* [TASK OBJECTIVE] Reproduce, please, the line that holds "Camiseta negra extragrande" and all later lines through the end of the entries below, exactly; omit pictures.
....................
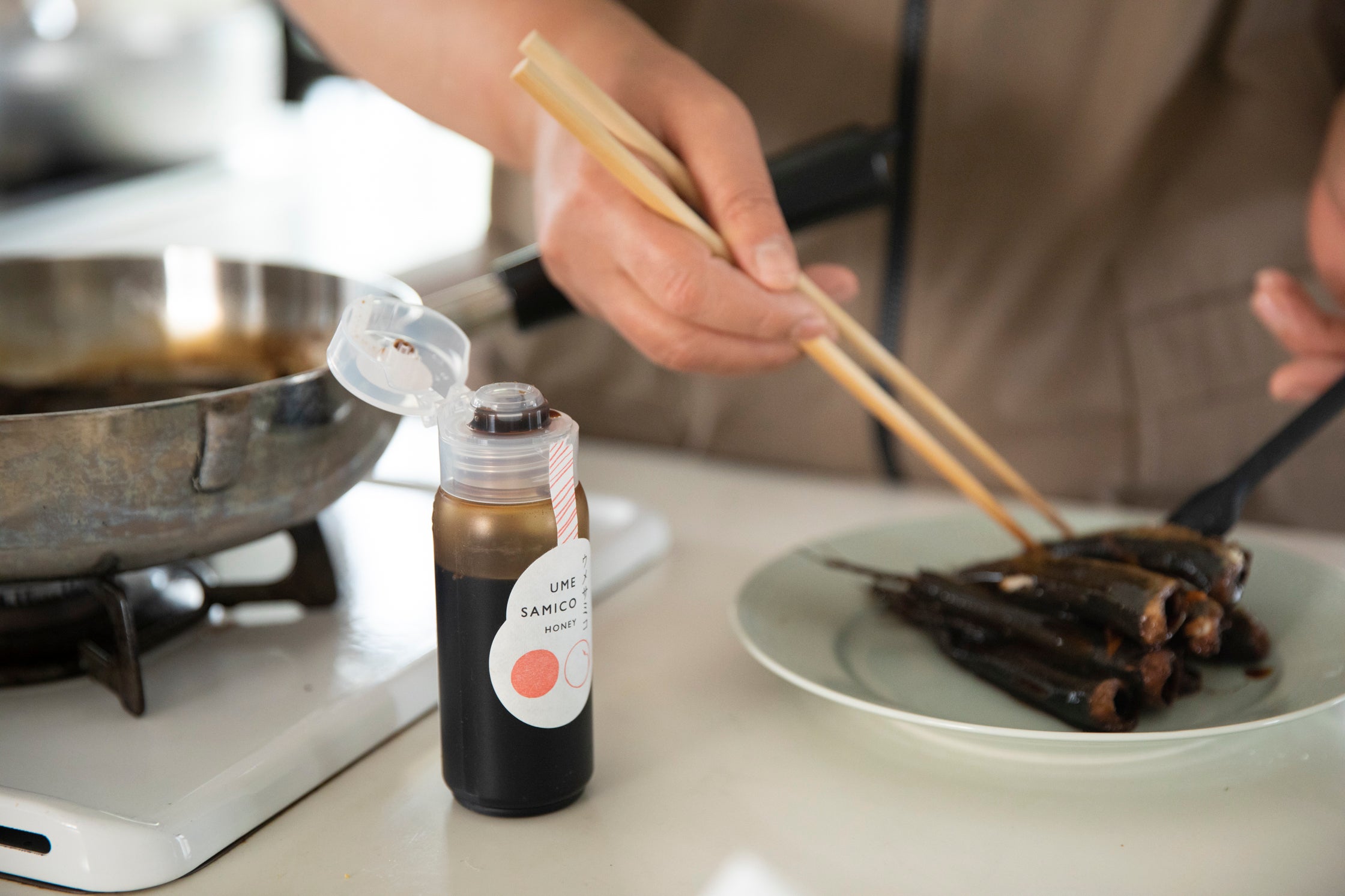 いわしと梅干しを一緒に煮る“いわしの梅煮”に似たお料理。梅干しの代わりにウメサミコを使うことでさっぱりとしたあじわいに、コクが増します。
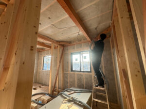 施工状況を確認しながら、密度にも注意してセルローズファイバーを充填。
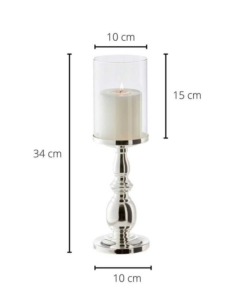Dieser stilvolle Kerzenleuchter überzeugt mit seiner geschwungenen Form und einer Höhe von 34 cm. Gefertigt aus hochwertigem, versilbertem Stahl, bietet er eine glänzende Oberfläche, die edel und zeitlos wirkt. Das Design kombiniert Eleganz und Stabilität, wodurch der Leuchter ideal für den Einsatz auf Altären, in Kapellen oder als dekoratives Element geeignet ist. Seine robuste Konstruktion sorgt für sicheren Halt, während die geschwungene Form einen harmonischen Blickfang bietet. Perfekt für Kerzen unterschiedlicher Größen.
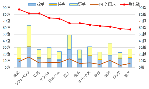2017年 チーム年俸と勝利数
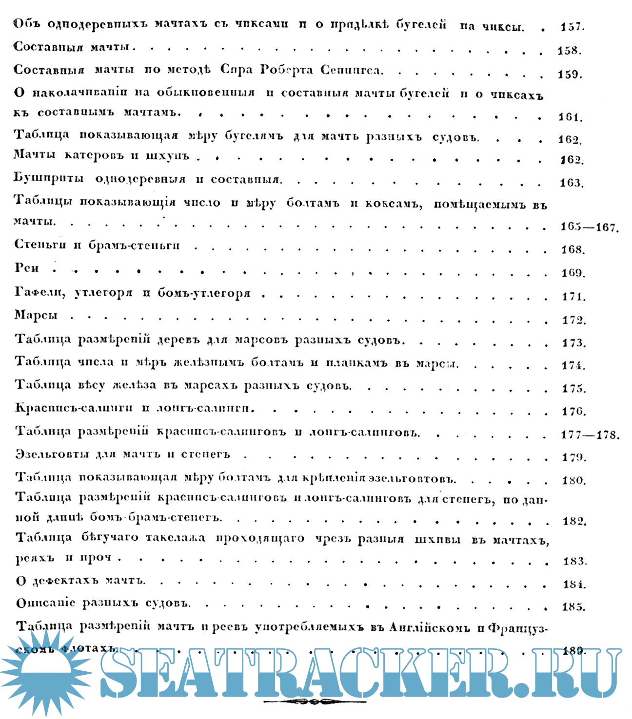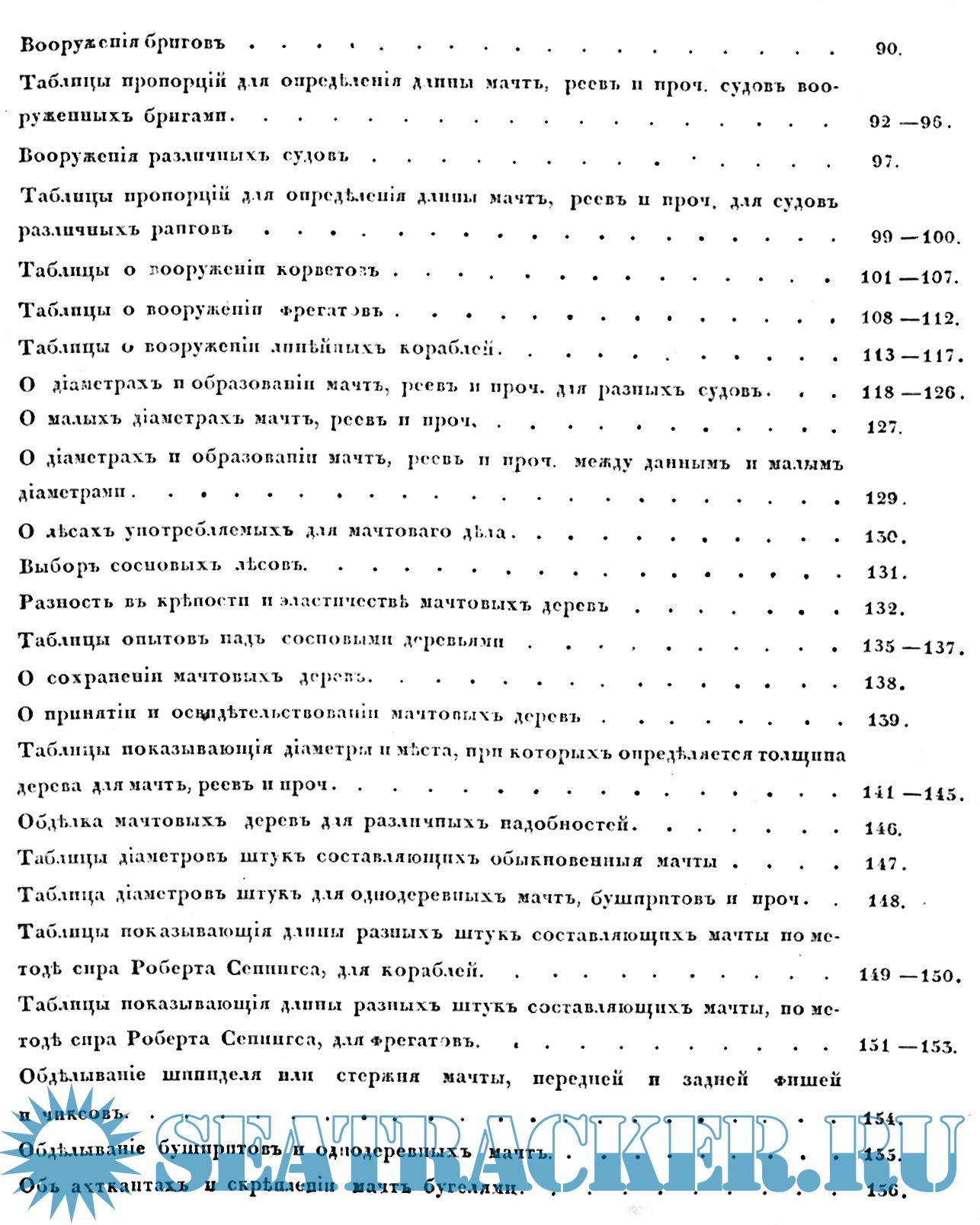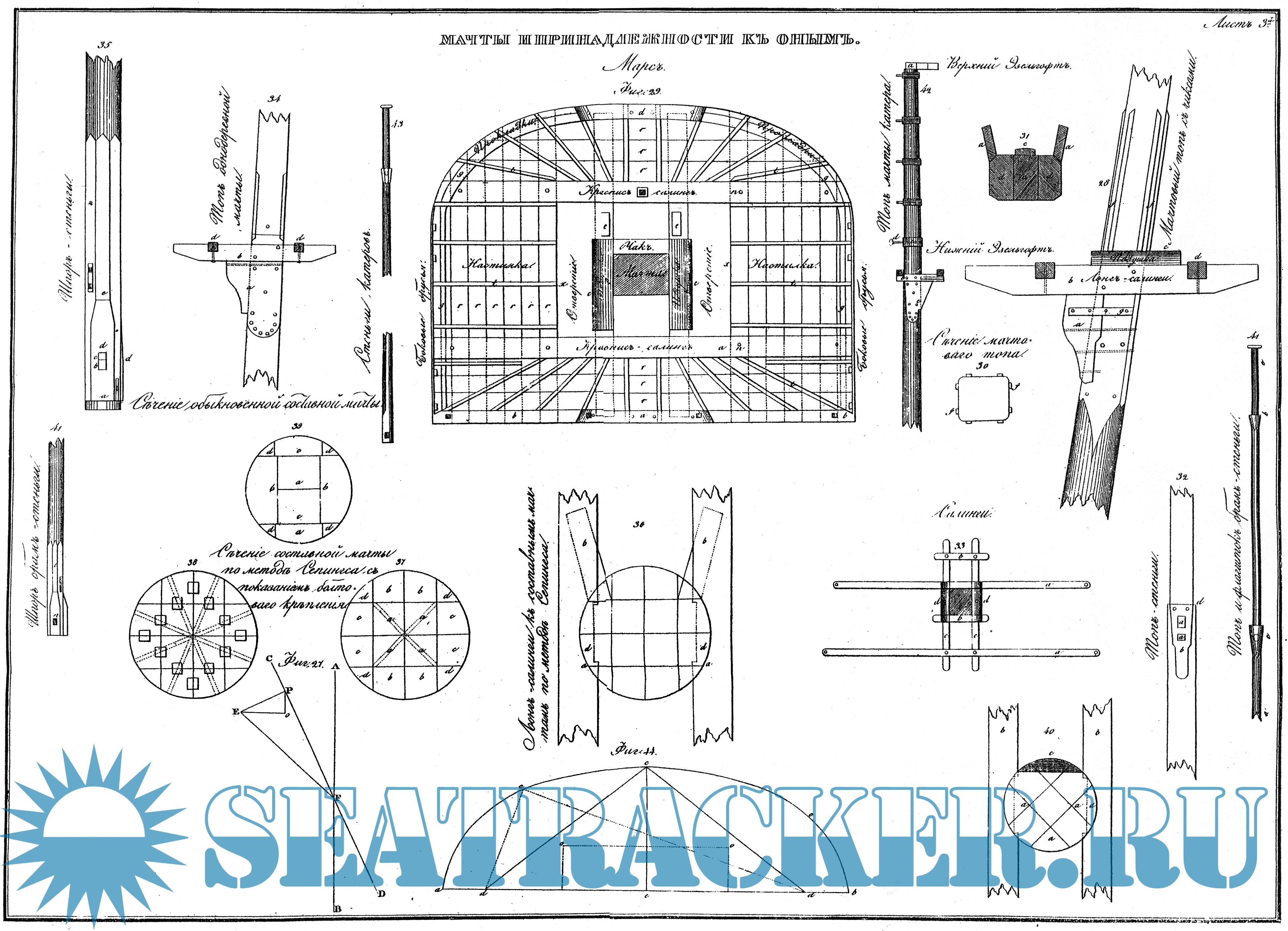 И наконец в пятом отделении объяснены разныя методы составления мачт, реев и прочего, скрепления оных и другие мелкия работы, относящиеся до мачтового дела; в конце этого отделения помещены замечания об освидетельствовании мачтовых деревьев, определения степени их годности и о делании в случае нужды временных рей и прочего в море.
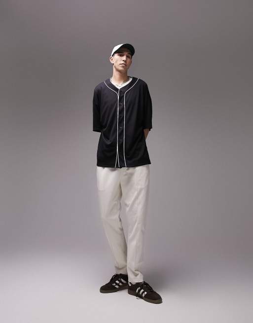 Camiseta negra extragrande de estilo béisbol con ribetes de malla de Topman
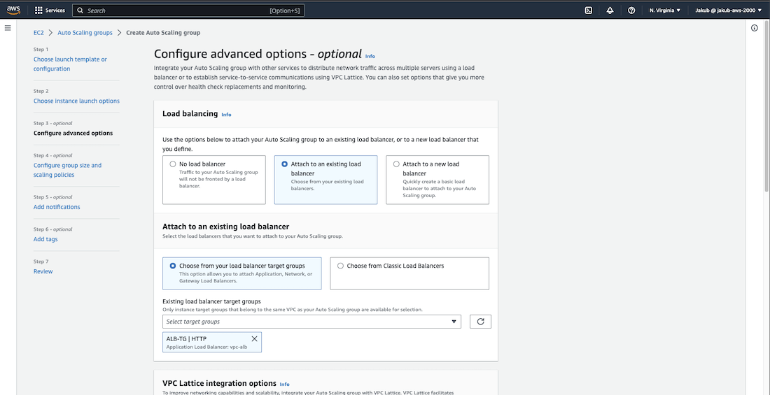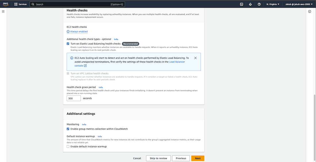 Under Attach to an existing load balancer, select our ALB target group from the list. In the Health checks section, check the Turn on Elastic Load Balancing health checks option. Under Additional settings, check the Enable group metrics collection within CloudWatch option.
....................
* [SOLUTION]
 Camiseta negra extragrande de estilo béisbol con ribetes de malla de Topman
 Under Attach to an existing load balancer, select our ALB target group from the list. In the Health checks section, check the Turn on Elastic Load Balancing health checks option. Under Additional settings, check the Enable group metrics collection within CloudWatch option.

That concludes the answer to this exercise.